The horse I rode the two years before I relocated from Montana also gaited ... he was (probably) a Paso/QH cross and what he did felt like what my first mare did. From what the local people tell me, that seems to be what the Kentucky Mountain and Rocky Mountain horses do as well and I've heard it referred to as a singlefoot.

From what you describe as the stepping pace, the 1-2 <pause> 3-4 with just a fractional pause I think what I'm talking about is the same thing but calling it a singlefoot.

The little Paso cross gelding had a flat walk, the singlefoot (which he could do at varying speeds) and a gallop. He would not or could not trot.


----------



## Lisa in WA (Oct 11, 2004)

We had a QH that was a singlefooter and came from a line of them. Just gave him away last fall and he's proudly owned by a 13 year old boy in Michigan.


----------



## 1sttimemom (Mar 1, 2005)

I have ridden several Standardbreds. Back in CA where I grew up you could adopt them pretty cheap off the track. Mostly geldings that were too slow. All the ones I have ridden were pacers. The gait was not totally uncomfy to ride. Sort of swings you side to side. The faster you go the more uncomfy. We trail rode them. Most seemed very easy to deal with, non-spooky, and solid built. They were just about "broke" already, just needed to get someone on their back and teach to neck rein if you wanted. I sure liked them more than the off the track TBs.


----------



## lamoncha lover (Mar 1, 2009)

well I decided for now to just go buy a spotted saddle horse that is already broke. I have wanted to adopt the ex racehorse standard bred forever. They are so very picky. I have to take pics of both my places the horse will be, and all the references.(got the references done)
Its good to know they are so calm.
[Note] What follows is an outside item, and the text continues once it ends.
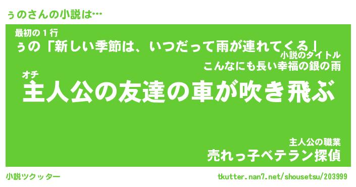| 魚たちの銀の雨WW …「ケモノ」 | 10月27日 05:47 |

Maybe another time I will just adopt. I wanted the one mare pretty badly until it was pointed out to me she was off on her hind leg.


----------



## Stonybrook (Sep 22, 2007)

I thought that mare was off on a back leg too. Neither of the ones you mentioned looked like what I think of when I think of a pacer. I think I actually liked Panpai better for some reason (besides the gimpiness). 

I have had a TWH mix, and he was such a nice ride. I don't know about the other gaited breeds, but I would get a TWH again. They are so kind and tolerant. Like the standardbreds they would have to be tolerant to put up with the crap they have to tolerate in the show world.


----------



## wr (Aug 10, 2003)

Lisa, it seems to me that bergere did some homework on QH lines that show a tendency to singlefoot and if I'm not mistaken, she mentioned Hancock lines. The reason it kinda stuck in my head was because I have an old mare with strong Hancock breeding who does singlefoot and I had one of those aha moments.


----------